## Exercise material:
==============================
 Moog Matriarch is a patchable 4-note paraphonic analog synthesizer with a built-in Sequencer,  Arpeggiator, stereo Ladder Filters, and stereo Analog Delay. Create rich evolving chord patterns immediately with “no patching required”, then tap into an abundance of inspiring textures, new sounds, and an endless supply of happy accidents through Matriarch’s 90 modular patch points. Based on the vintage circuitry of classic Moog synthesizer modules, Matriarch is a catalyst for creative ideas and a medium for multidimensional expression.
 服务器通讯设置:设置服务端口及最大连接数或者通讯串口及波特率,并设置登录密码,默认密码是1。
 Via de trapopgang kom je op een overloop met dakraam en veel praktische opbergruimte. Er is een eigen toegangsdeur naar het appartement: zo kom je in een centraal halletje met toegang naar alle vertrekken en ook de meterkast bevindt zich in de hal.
==============================
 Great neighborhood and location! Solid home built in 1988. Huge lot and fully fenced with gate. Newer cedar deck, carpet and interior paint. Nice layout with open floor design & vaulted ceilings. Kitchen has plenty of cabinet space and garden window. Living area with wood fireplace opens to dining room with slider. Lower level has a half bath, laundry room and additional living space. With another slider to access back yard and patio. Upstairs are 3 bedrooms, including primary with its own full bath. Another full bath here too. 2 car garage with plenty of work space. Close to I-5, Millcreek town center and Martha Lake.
==============================
## Exercise instructions:
With the first line being the one containing "Moog Matriarch is" and the last line the one containing "Via de trapopgang", transcribe exactly the lines above that fall in that range.

## Response:
 Moog Matriarch is a patchable 4-note paraphonic analog synthesizer with a built-in Sequencer,  Arpeggiator, stereo Ladder Filters, and stereo Analog Delay. Create rich evolving chord patterns immediately with “no patching required”, then tap into an abundance of inspiring textures, new sounds, and an endless supply of happy accidents through Matriarch’s 90 modular patch points. Based on the vintage circuitry of classic Moog synthesizer modules, Matriarch is a catalyst for creative ideas and a medium for multidimensional expression.
 服务器通讯设置:设置服务端口及最大连接数或者通讯串口及波特率,并设置登录密码,默认密码是1。
 Via de trapopgang kom je op een overloop met dakraam en veel praktische opbergruimte. Er is een eigen toegangsdeur naar het appartement: zo kom je in een centraal halletje met toegang naar alle vertrekken en ook de meterkast bevindt zich in de hal.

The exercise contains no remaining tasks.